Странная это была ситуация, она тоже запечатлелась у меня в сознании, словно выделенная особой подсветкой: разгар дня, блистающее летнее солнце, распахнутые настежь окна, детские голоса и крики, доносящиеся со двора. Город жил обыденной жизнью. И в это время два человека, в здравом уме, сидя в гулкой квартире, по которой, колыша шторы, гуляли лёгкие сквозняки, вполне серьёзно, точно заговорщики, на пониженных голосах обсуждали, как им спасти человечество.
Кофе мы тогда выпили немеренное количество, обсудив попутно массу посторонних вопросов. Может ли Игра захватить весь мир ? Тут мы оба сошлись, что да, разумеется, может: большинство людей жаждет именно чётких и ясных правил социального бытия, свобода им не нужна, она влечёт за собой ответственность. И можно ли будет «зрячим», не геймерам, жить в порабощённой стране? Конечно, можно, рецепт: поведенческая мимикрия, ничем не выделяйся, действуй, как все. Не является ли аналогом нашей Игры «юридическое общество» Запада — когда на каждый жизненный случай создаётся закон? Я с этим не согласился: закон можно изменить или вообще отменить, но в том-то и дело, что правила Игры скорректировать нельзя. И в завершение — как добраться до Башни, создающей маглоров: взорвать, сжечь, разломать?
— Не представляю, — честно сказал Иван, — знаю одно: чтобы победить, надо сражаться.
Неизвестно, до чего бы мы в итоге договорились, но около пяти вечера у Ивана замурлыкал сотовый телефон.
— Слушаю... Что?..
Я увидел на нём застывшую маску вместо лица. Томительно тянулись секунды.
А затем:
— Хорошо. Понял, — сказал Иван, ровным, словно отшлифованным, голосом подавляя возбуждение собеседника, и, помедлив мгновение, нажал кнопку отбоя. Перевел тёмный взгляд на меня.
— Они всё же его достали. На платформе «Площадь Восстания», столкнули под поезд.

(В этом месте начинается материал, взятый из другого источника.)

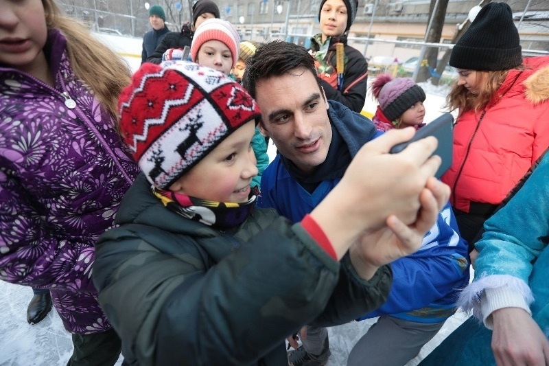 Он поговорил с ними о хоккее, ответил на их вопросы, раздал автографы и сфотографировался со всеми желающими.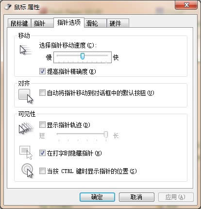 3、調(diào)整移動速度彈出對話框,切換到“指針選項”選項卡。在"移動”選項區(qū)內(nèi) 拖動調(diào)節(jié)滑塊到合適位罝。場單擊"確定"按 鈕即可。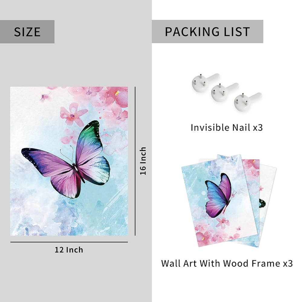 MZYHOME Butterfly Canvas Wall Art Decor 3 Piece Fantasy Girls Wall Art Watercolor Art Print Butterflies for Wall Art Living Room Bedroom Canvas With Wood Framed 12x16 Inch

Я даже не стал спрашивать, о ком речь. И так было понятно, что это о Хухрике. Я пробормотал:
— А это значит...
— А это значит, что недели у нас нет, — сказал Иван.

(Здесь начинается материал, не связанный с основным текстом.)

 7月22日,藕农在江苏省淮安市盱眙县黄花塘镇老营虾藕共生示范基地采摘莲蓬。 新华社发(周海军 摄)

Затаив дыхание, я смотрел, как Иван продвигается в зеленоватой атмосфере Игры. С локализацией повезло: он вошёл в игровое пространство неподалёку от Сенной площади. Это составляло чуть больше половины пути до Башни. Видимо, где-то в этом районе находилась квартира, которую он специально для данной операции снял. Удача, несомненно, удача! Инсталляция хоть и была, как правило, привязана к месту физического нахождения игрока, но всё же существовал и ощутимый разброс. Иван рисковал очутиться чёрт знает где: возле Невского, например, или в переулках у Исаакиевского собора. Сразу после входа в Игру он прихлопнул двух синхронно прыгнувших на него ядозубов. Почему ядозубы сработали в паре, я объяснить не мог. Подразумевалось — по крайней мере, так я понимал, — что в начале Игры они должны появляться поодиночке. Или это тот самый пропорциональный рост, о котором рассказывал Хухрик? Ведь Иван на этой неделе в Игру не раз заходил, очки набирал, увеличивал рейтинг, значит, ему положен более высокий уровень сложности.

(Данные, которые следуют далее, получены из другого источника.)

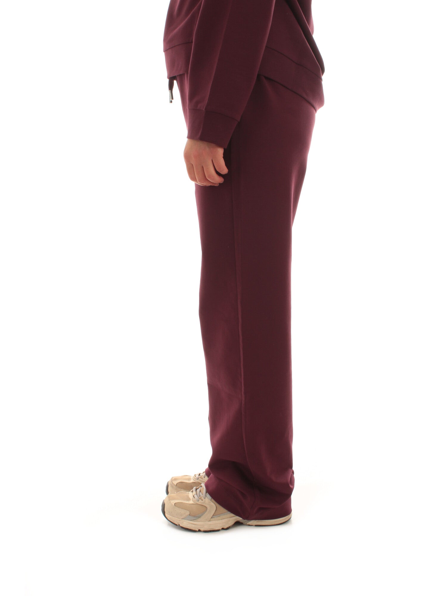 Pantaloni in felpa di cotone stretch. Linea jogging e ampia. Elastico in vita con coulisse. Tasche ai fianchi. Altezza modella: 170 cm. Taglia indossata: 40. 96% cotone, 4% elastan

Реакция у него была потрясающая. Иван выглядел сейчас как подлинный воин: в лёгкой броне, состоящей из полупрозрачных золотистых чешуек (движений они, по-видимому, не стесняли), на поясе с левой стороны — меч, с правой — ещё один нож, пока не использованный (лезвие первого растворилось в крови ядозуба), в руках — арбалет (когда он успел его зарядить, я тоже отследить не успел).
Картинка была изумительно ясной. Мы с Иваном договорились, что на время операции я надену очки, сопряжённые с ноутбуком Адели, для объёмного видения (сам я пребывал, естественно, у себя), но контактные чипы ни в коем случае подключать не стану. В этом случае, как он объяснил, я получу возможность следить за Игрой, но при этом останусь вне игрового поля. Говоря проще: я никого убить не смогу, зато и меня тоже никто не убьёт.
Мне отводилась скромная роль наблюдателя.
Так что я всё видел яснее ясного. И не только видел, мы даже переговариваться могли. Хотя, добавлю, голос у Ивана был какой-то картонный, на фальцете, утрированный, словно у персонажа мультфильма. Или так и было задумано? Но визуал Игры в самом деле был исключительный: фантастическая достоверность текстуры, стереоскопия, эффект присутствия, каждый дом, каждый камень, каждая травинка представали такими, какими и должны были быть. Я замечал пыль на стёклах, мелкую рябь в канале.